None of the two parties seemed to care about the equipment that up until a few moments ago was the central focus of everything that was happening. Shots, bursts of magic, katanas, grenades. Everything was done with the intent to kill and wound and capture, with no regards for the invaluable servers and their data, the secrets that were being lost to the destruction of the hardware that housed them, and the patents revealing the dark motives of AQ inside of them.

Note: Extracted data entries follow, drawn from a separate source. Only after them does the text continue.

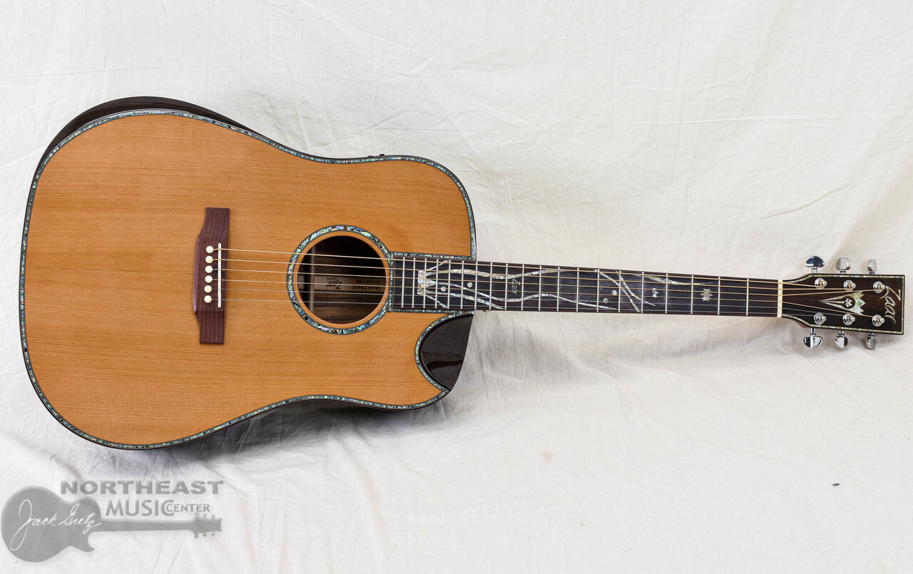 This Used Zaar Acoustic Dreadnought features a Solid Cedar top with Layered Ziricote Back & Sides.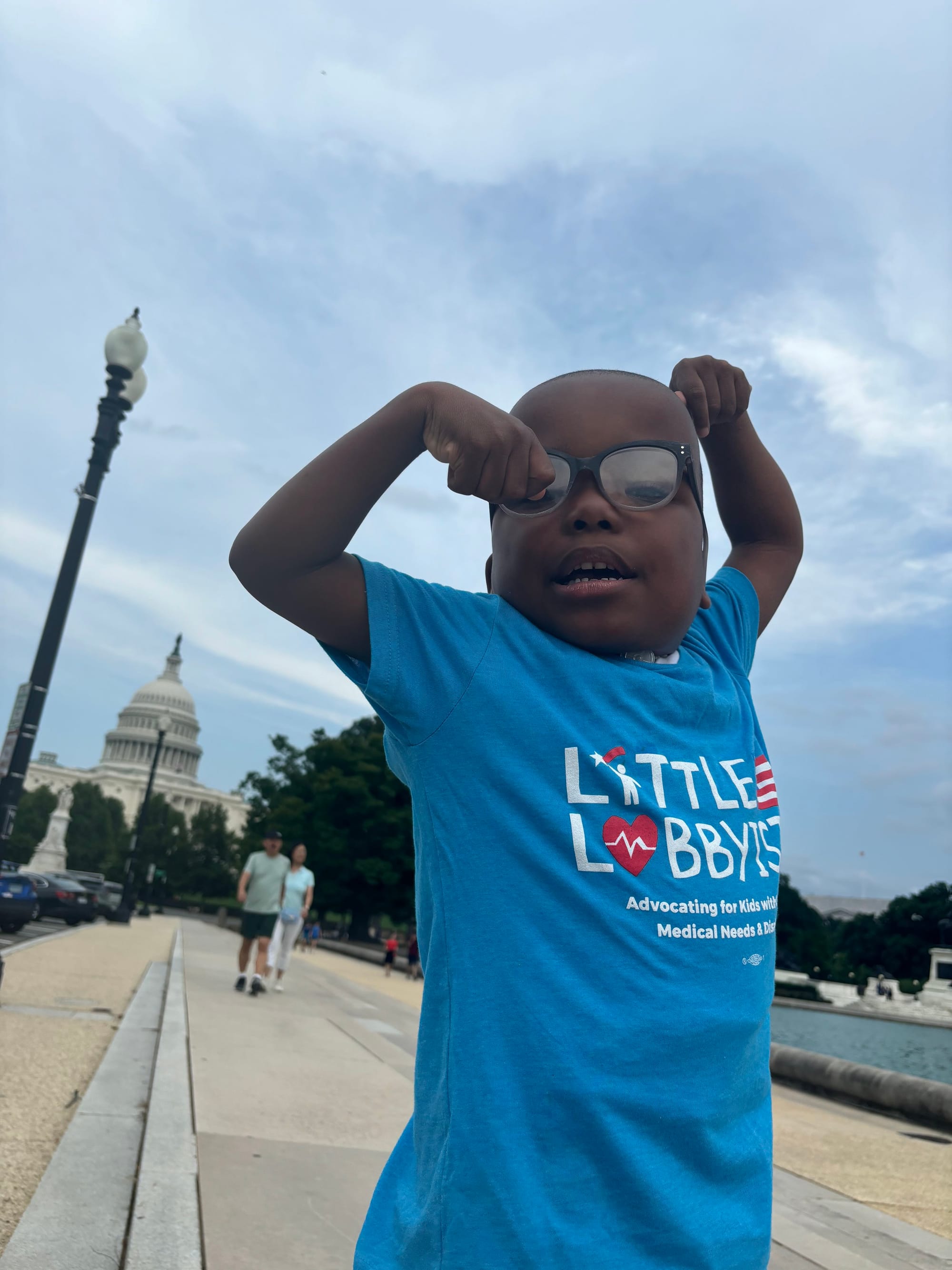 Wearing his eyeglasses and Little Lobbyists t-shirt, Adonis poses on a city street with the U.S. Capitol building the distance. He has both arms raised above his head and flexed in an expression of exuberant power.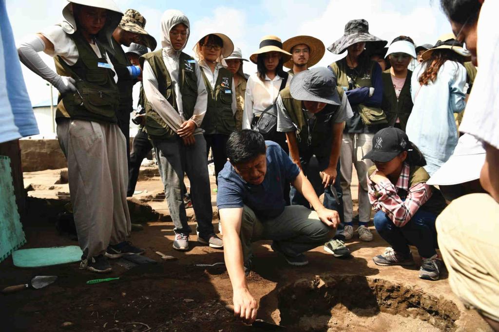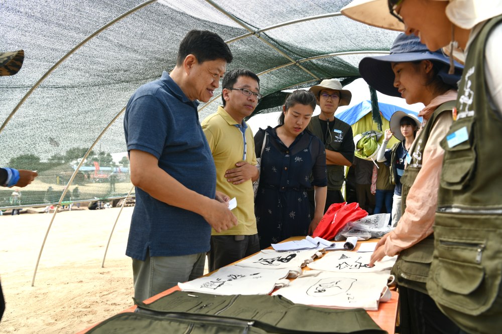 党政人员一行首先来到考古发掘现场,在领队方启老师和陈醉老师的带领下,先后检查了公众考古宣传展示区、监控室、装备室、保护棚、发掘区、系统采样浮选区、参观群众问卷调查区、文创产品展陈区等。在几个有代表性的探方中,领队老师和学生向赵院长汇报了挖掘进度、挖掘思考与感悟。赵宾福针对现场情况,向同学们提出问题,进行细致的现场业务指导,并与师生们分享自己的田野经验。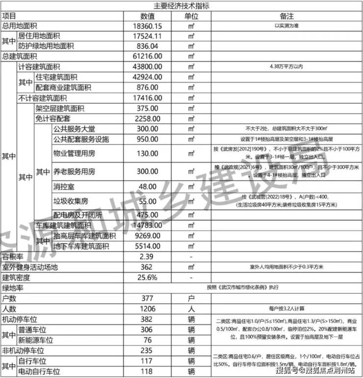 (武汉城建白沙置业洪山区委党校西侧地块项目武汉城建|白沙嘉序主要经济技术指标)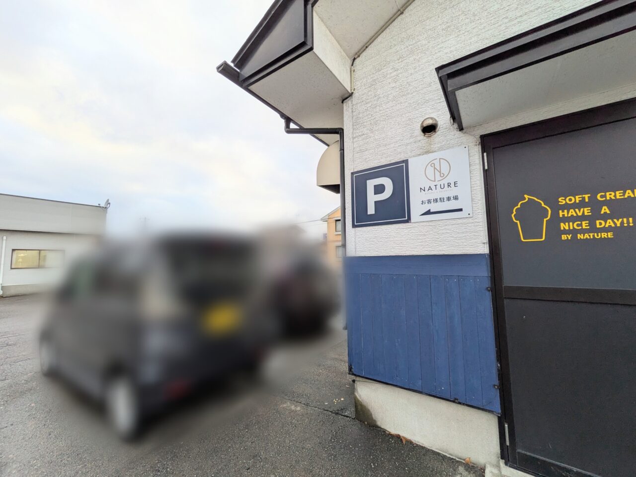 駐車場は、建物裏にお隣の「そば処けん太」さんなどと共用の駐車スペースがありますよ。

It was just a battle for supremacy. Magic was being used sparingly, with the constraints that being in a world like this forced upon the mages. On the other side, no punches were being pulled. When it was clear that there was no way out except extreme violence, however, Ishrin and team became extremely more fierce and began using all the tools at their disposal with much more abandon. They were powerful adventures from another world, and it was soon clear that they could keep their ground even against overwhelming numbers of samurais and mercenaries. Dancing nimbly in and out of the shadows, shooting deadly bullets of green magic or blue trails, weaving like death itself through the ranks of the samurais with twin flying blades in tow.
At the first sign of an opening, the team gathered around Ishrin for their retreat. Their plan was to teleport to Mekano in one swift hop and then burn all their collective mana to put as much distance between them and the warehouse as possible. Perhaps even a thousand kilometers, if the girls managed to be efficient in the fight. And the plan, which had been tested and refined to account for all sorts of problems that could arise when going up against both magical and technological threats, was about to go off without a hitch.
Except for when said hitch halted its execution dead.
This time it was not a gut feeling. No. Ishrin’s gut literally screamed at him as a hundred-ton tungsten rod was released from a satellite hovering above the warehouse, 150 kilometers in the sky. He dropped everything that he was doing and instead of finishing his ritual his hands shot upwards. He grabbed the accelerating rod falling from the sky with his telekinesis, struggling and dropping to his knees. He gave it all he had, and slowly the rod first stopped accelerating, then stopped altogether until he managed to break it into pieces and had it fall harmlessly down on the planet to burn up in the atmosphere.
When he finally allowed himself to look around, he saw that everybody was completely still.
The fight was on hold. Paused. Frozen. Of all the people present, the most dangerous was Lisette, coiled up like a spring. Ready to explode again.
“They took Mekano.” Melina’s voice cut through the tense atmosphere.
“Wh—”
Then everyone was suddenly gone, as were the servers. All that was left in the warehouse were Ishrin, Melina and Lisette. And the aftermath of the battle, the only thing that could testify that the fight really happened and was not just a figment of their collective imagination.